Elle se tourne, sans discrétion, vers le comptoir pour scruter le blond en question qui sert déjà un autre client. Puis, elles reviennent vers moi.
Julie hausse les épaules.
— Je ne vois pas où est le problème.
— Bah oui, il m'a l'air normal, ajoute Camille.
Je soupire.
— Je n'y connais rien à la carte de ce café, il ne me laisse jamais le temps de regarder… c'est assez oppressant je dois dire…
Elles se regardent avant d'éclater de rire.
— Je n'ai jamais fait attention à ça, s'exclame Camille.
— Normal, tu es habituée, rétorque Julie. Je te comprends, Eve.
— Merci !
On continue de prendre le goûter tout en parlant des cours. Et je vois bien que Camille se retient de me demander où ça en est ce devoir maison avec Léandre Hellespont. Je suppose qu'elle a compris que ça me dérange. Surtout aujourd'hui. Surtout après ce baiser. Surtout après qu'il n'ait pas posé un seul coup d'oeil sur moi ce matin.
Le soir même, j'écris et j'écris jusqu'à en perdre haleine mais je ne parviens même pas a bien imaginer l'oc de mon partenaire. C'est plus fort que moi. Il n'y a que le visage de Léandre qui me vient en tête. Lui et ses cheveux dorés, ses lèvres rosées, la marque de ses baisers et ses yeux bleutés.
Mon écran n'affiche plus la conversation : on m'appelle alors je décroche.
— My angel, tu as déjà oublié que mon perso est brun et pas blond ?
— Merde. Désolé, je n'ai pas fait attention.
À cause de ce seul homme qui envahit ma tête, mes doigts en sont venus à décrire la couleur de ses cheveux, l'empreinte de ses baisers, son corps enveloppé de sa chemise blanche et son pantalon noir qui le sied à merveille.
Ça lui fait de belles fesses…
— Tu devrais dormir, my angel. On reprend plus tard si tu veux ?

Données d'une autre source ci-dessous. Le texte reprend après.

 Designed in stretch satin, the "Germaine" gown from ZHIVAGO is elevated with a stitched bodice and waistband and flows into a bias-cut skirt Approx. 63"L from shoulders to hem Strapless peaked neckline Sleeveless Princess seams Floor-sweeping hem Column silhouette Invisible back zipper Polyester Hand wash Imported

— Ouais, je veux bien, soupiré-je.
Je l'entends déglutir dans mon casque.
— Tu veux en parler ? ajoute-t-il.
Mes épaules se relâchent et mon dos se laisse tomber contre le dossier de ma chaise à roulettes.

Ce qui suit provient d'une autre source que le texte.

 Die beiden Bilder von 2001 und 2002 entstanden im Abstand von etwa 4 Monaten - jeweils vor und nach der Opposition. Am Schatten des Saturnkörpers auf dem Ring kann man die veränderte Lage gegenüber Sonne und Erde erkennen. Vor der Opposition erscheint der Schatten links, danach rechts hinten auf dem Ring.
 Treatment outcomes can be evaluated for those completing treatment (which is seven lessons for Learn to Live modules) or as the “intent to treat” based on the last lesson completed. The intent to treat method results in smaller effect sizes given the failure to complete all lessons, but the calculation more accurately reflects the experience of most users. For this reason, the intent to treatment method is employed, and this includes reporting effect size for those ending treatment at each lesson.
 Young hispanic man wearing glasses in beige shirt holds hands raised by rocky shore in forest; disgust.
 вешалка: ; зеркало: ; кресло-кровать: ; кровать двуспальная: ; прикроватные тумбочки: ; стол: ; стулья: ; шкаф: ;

— Il m'a embrassé, avoué-je enfin.
— Qui ? Le gars dont tu m'as parlé ?
— Ouais… et je ne sais pas ce qui m'a pris mais dès qu'il a mis sa main sous mon haut, je l'ai arrêté puis il est parti. Sous la panique je lui ai dit que j'étais vierge. Ce matin, il ne m'a même pas regardé…
— Quel connard, jure-t-il.
Je mord ma lèvre, sachant naïvement qu'il n'en est pas un.

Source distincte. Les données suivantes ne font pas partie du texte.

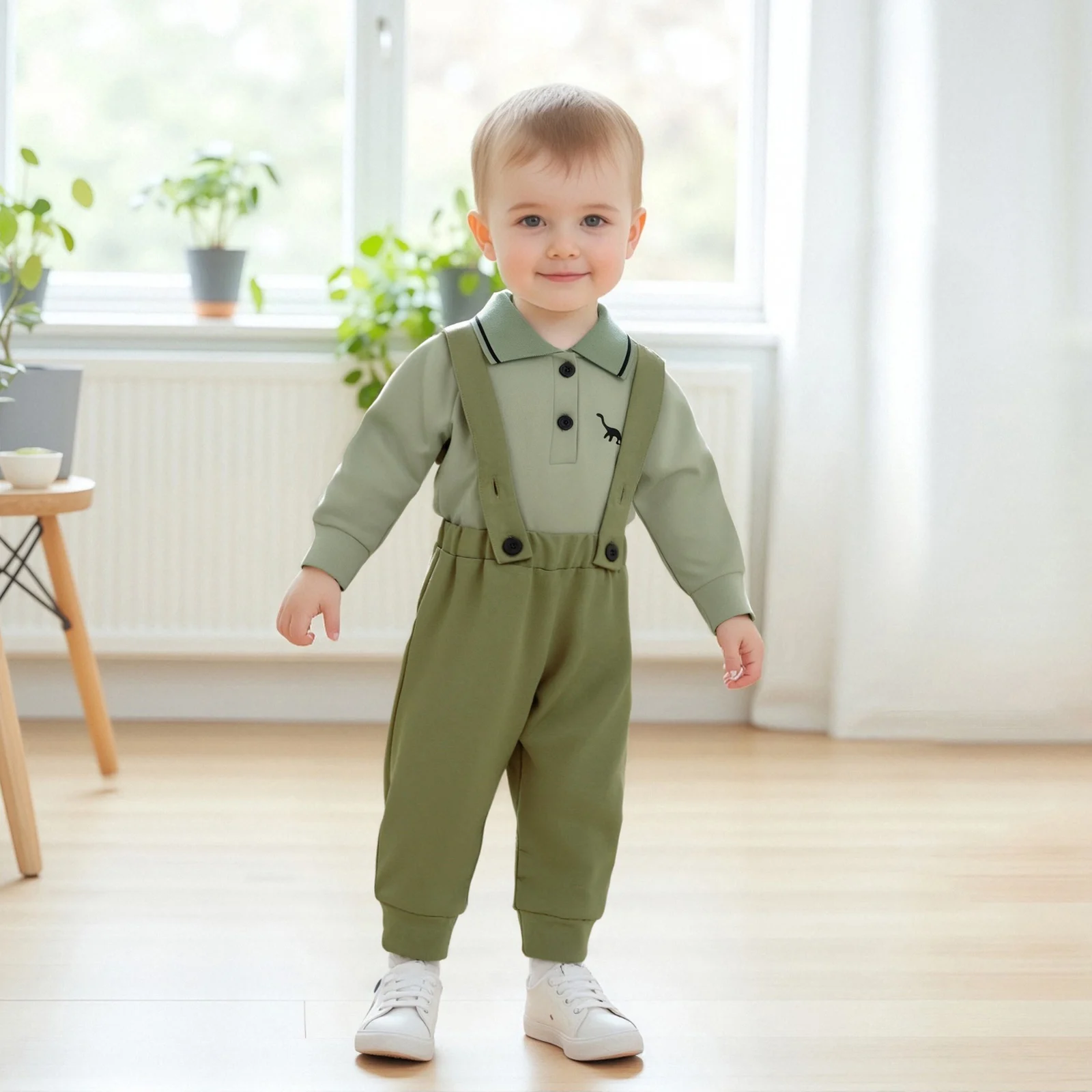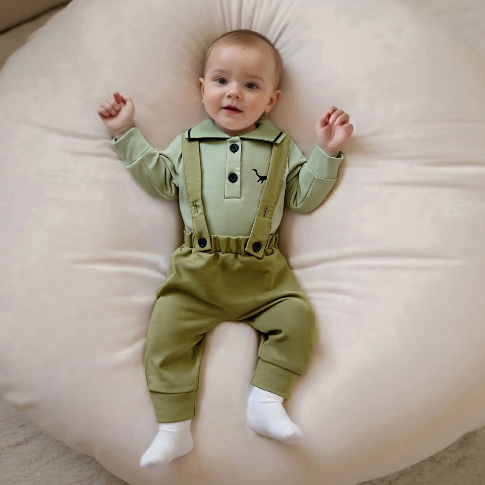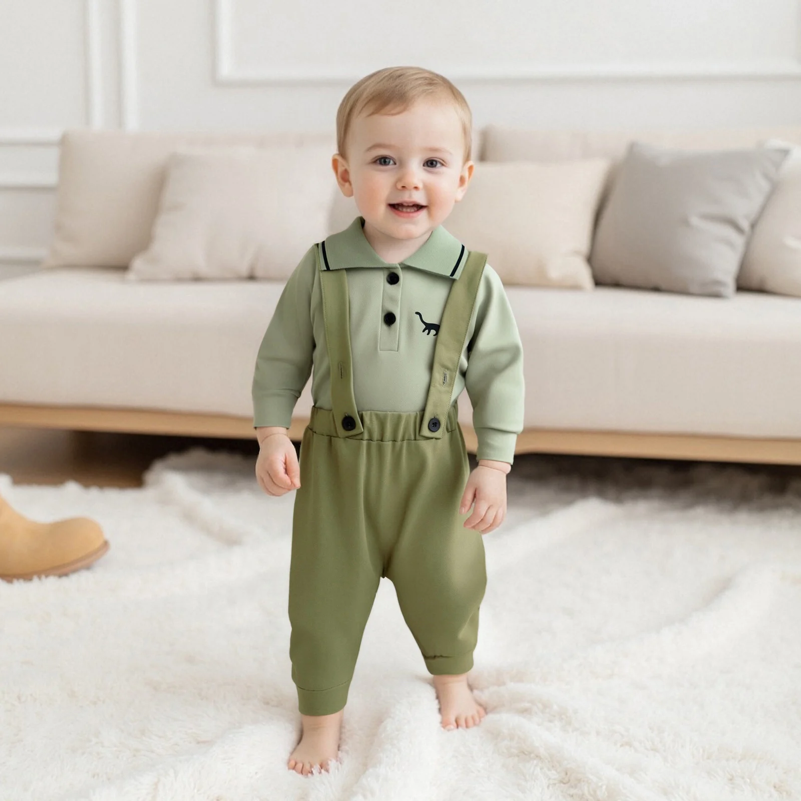 Prepare your little one for the fall season with our adorable Baby Boy Fall Clothes set featuring a charming dinosaur embroidery design. This stylish 2-piece outfit combines comfort and cuteness, making it perfect for any occasion, whether it’s a family gathering or a playful day at the park. The set consists of a long sleeve lapel romper and elastic waist suspender pants, ensuring your baby stays warm while looking absolutely adorable.

— Il est…loin d'être un connard. J'ai la flemme de tout te raconter mais je sens que c'est un mec bien.
Il ne répond pas tout de suite.
— Bien…je te crois, Lullaby. Alors si tu ne comprends pas pourquoi tu l'as arrêté, peut-être que inconsciemment tu n'es pas prête à perdre ta virginité. Je comprends que ça puisse être un truc spécial de la perdre, c'est quelque chose d'unique. Tu devrais lui en parler.
Mes yeux se perdent dans le vide.
Ses mains sur moi, ses baisers, sa langue qui danse avec la mienne.
Tout ça, sont des souvenirs qui défilent dans ma tête jusqu'à ce qu'arrive le passage où il quitte mon appartement et son regard fuyant ce matin. Il me laisse dans le flou et je ne veux pas le laisser partir sans m'expliquer.
— Je crois que tu as raison.
J'y ai réfléchi toute la nuit et ce matin, je me suis mise d'accord avec ma flemmardise, mes craintes, mon côté introvertie : il est hors de question que je fuis sans lui avoir parlé. Je ne dois pas abandonner, ce sera mon objectif aujourd'hui.
J'attends dans le couloir à sa recherche. Je scrute partout jusqu'à ce que mon cœur sursaute lorsque mes yeux se posent sur sa splendeur qui apparaît dans le couloir.
J'inspire une grande bouffée d'air avant de me positionner devant lui.
La surprise se lit sur son visage mais je prends sa main et l'emmène avec moi dans un endroit calme, sans personne : les toilettes les moins empruntées de l'université.